Our research is facilitated by several unique and effective resources, including a vast tissue bank, a first-rate laboratory, the Utah Population Database, a family studies database, and genealogical pedigrees.
With over 40,000 germline DNA samples from individuals who are members of high-risk pedigrees, Genetic Epidemiology has one of the largest human tissue banks within the University of Utah.
Family Studies Database
Our large database is notable for the breadth of genetic, demographic, epidemiological, and medical data it contains on the 40,000 individuals we have studied and sampled, as well as their relatives. All precautions are taken to protect the confidentiality and privacy of this data.
We have state-of-the-art laboratory facilities for processing blood or saliva samples, extracting and storing DNA from whole blood or FFPE tissue, and performing genotyping and sequencing.
Utah Population Database (UPDB)
The UPDB was originally created in the Division of Genetic Epidemiology. We have analyzed this unique and powerful resource longer than any other group and have created a large set of tools for genetic analysis of any phenotype of interest. The UPDB is a genealogical and population database of >8 million individuals linked to high-quality medical and demographic and exposure data. It is one of the world’s richest sources for genetic studies. This powerful resource helped lead the GenEpi team to the discovery and identification of genes that contribute to cancer (BRCA1, BRCA2, CDKN2A).
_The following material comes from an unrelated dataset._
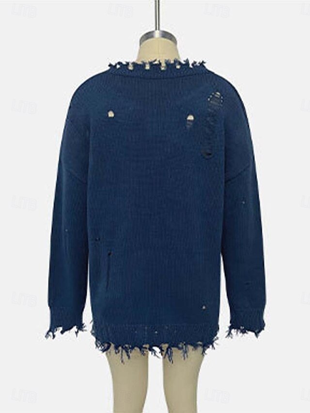 Discover the elegance of our Casual Solid Knit Top with a crew neck and drop shoulders, perfect for fall and winter in Navy Blue and Beige.
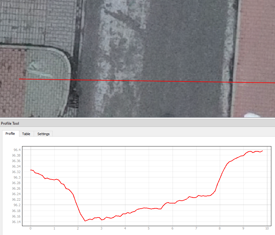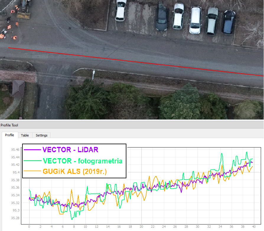 Archiwalne dane GUGiK (z 2019r.) były zgodne z aktualnymi danymi LiDAR, za wyjątkiem miejsc, w których zdążyły się zdezaktualizować (np. nowowybudowana wysepka na przejściu dla pieszych). Aktualne dane LiDAR charakteryzują się najmniejszym szumem, co wynika nie tylko z dokładności sensora ale też zaawansowanych metod przetwarzania chmur punktów. Metoda fotogrametryczna w tym przypadku cechowała się dokładnością ok. +/- 5cm, co wynikało z trudnych warunków pogodowo-oświetleniowych, niemniej jednak sprawdziła się jako materiał kontrolny. Warto przypomnieć, że fotogrametria nie pozwala na zamodelowanie poziomu terenu na obszarach pokrytych jakąkolwiek roślinnością (w przeciwieństwie do LiDAR).

The majority of our research is focused on searching for and understanding genes that increase a person's risk of developing various diseases. Knowledge about inherited predisposition to these diseases will help lead to the ability of health care professionals to treat, and eventually prevent, these illnesses with greater success.
We use unique Utah genealogical resources linked to statewide medical data to identify pedigrees with a statistical excess of a phenotype of interest.
These high-risk pedigrees are different from those studied in most populations not only because of their size (many generations deep), but also because they do not just include a large number of affected individuals, but they are validated to have a statistically significant excess of the phenotype of interest over what is expected in the Utah population.
Genetic data representing the entire genome is generated for related sampled affected individuals (genotypes at millions of markers, or sequence data for the entire genome) in each pedigree. The co-inheritance of the phenotype is considered in conjunction with the inheritance of regions of the genome in related affected individuals in these high risk pedigrees to measure evidence that a disease locus might be in a particular chromosomal region. This is accomplished using powerful tools, many developed by our team of statistical geneticists.